● Supplied entries:
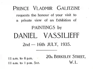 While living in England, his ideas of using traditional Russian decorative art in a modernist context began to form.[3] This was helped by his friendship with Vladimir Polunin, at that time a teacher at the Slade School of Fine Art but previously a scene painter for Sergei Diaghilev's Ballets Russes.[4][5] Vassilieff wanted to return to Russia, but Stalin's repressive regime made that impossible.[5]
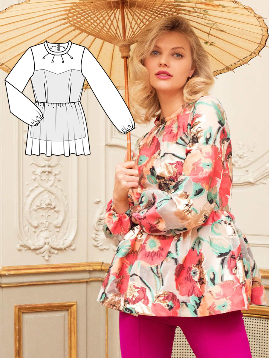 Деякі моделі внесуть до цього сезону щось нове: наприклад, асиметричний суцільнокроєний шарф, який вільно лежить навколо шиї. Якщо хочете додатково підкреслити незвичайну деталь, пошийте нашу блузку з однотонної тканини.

---

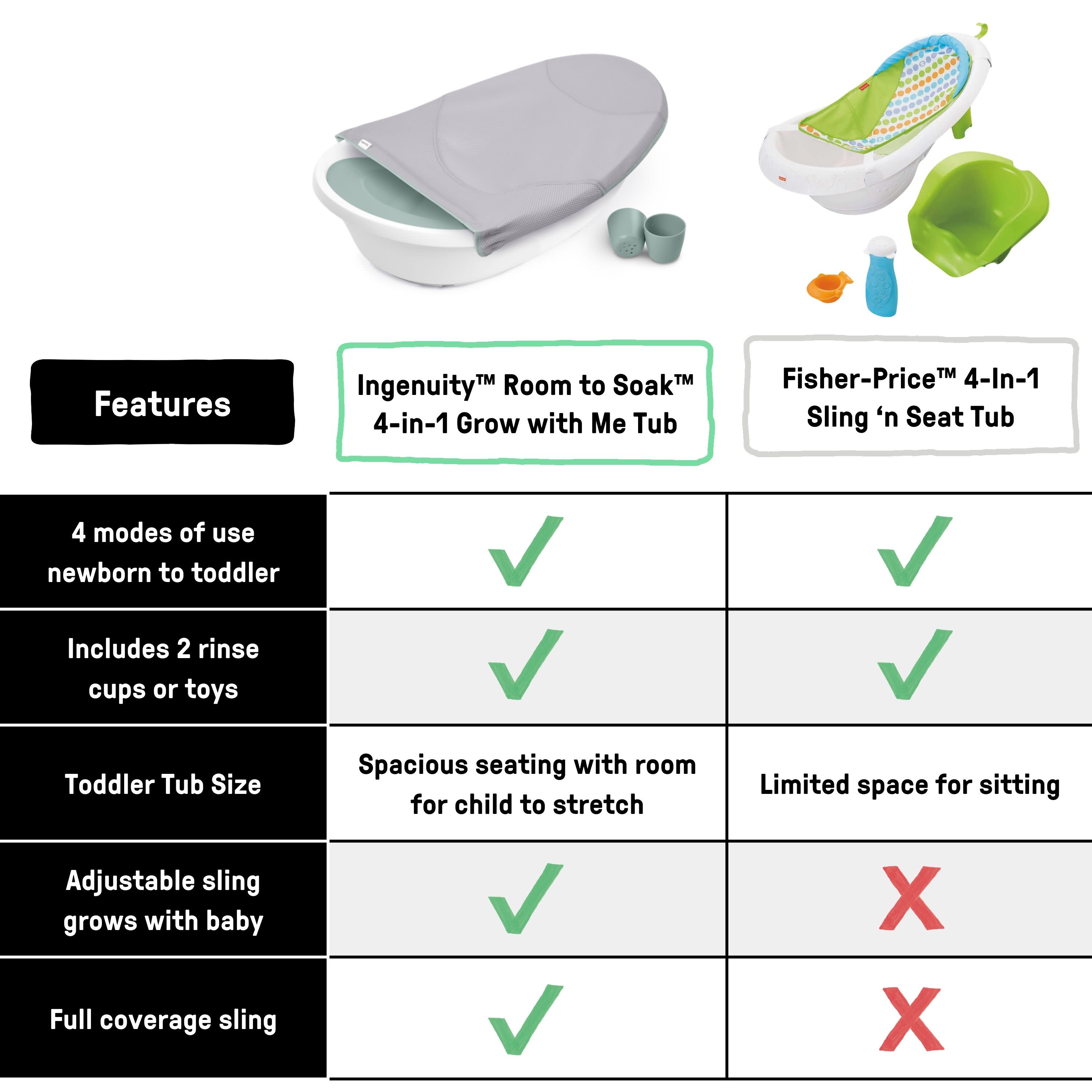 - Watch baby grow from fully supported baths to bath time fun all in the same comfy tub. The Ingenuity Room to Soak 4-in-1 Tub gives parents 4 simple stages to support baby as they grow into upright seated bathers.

● Exercise prompt:
Look above for the line with "While living in" and copy exactly from it through the line with "Деякі моделі внесуть", both included. Omit the pictures.

● Response area:
 While living in England, his ideas of using traditional Russian decorative art in a modernist context began to form.[3] This was helped by his friendship with Vladimir Polunin, at that time a teacher at the Slade School of Fine Art but previously a scene painter for Sergei Diaghilev's Ballets Russes.[4][5] Vassilieff wanted to return to Russia, but Stalin's repressive regime made that impossible.[5]
 Деякі моделі внесуть до цього сезону щось нове: наприклад, асиметричний суцільнокроєний шарф, який вільно лежить навколо шиї. Якщо хочете додатково підкреслити незвичайну деталь, пошийте нашу блузку з однотонної тканини.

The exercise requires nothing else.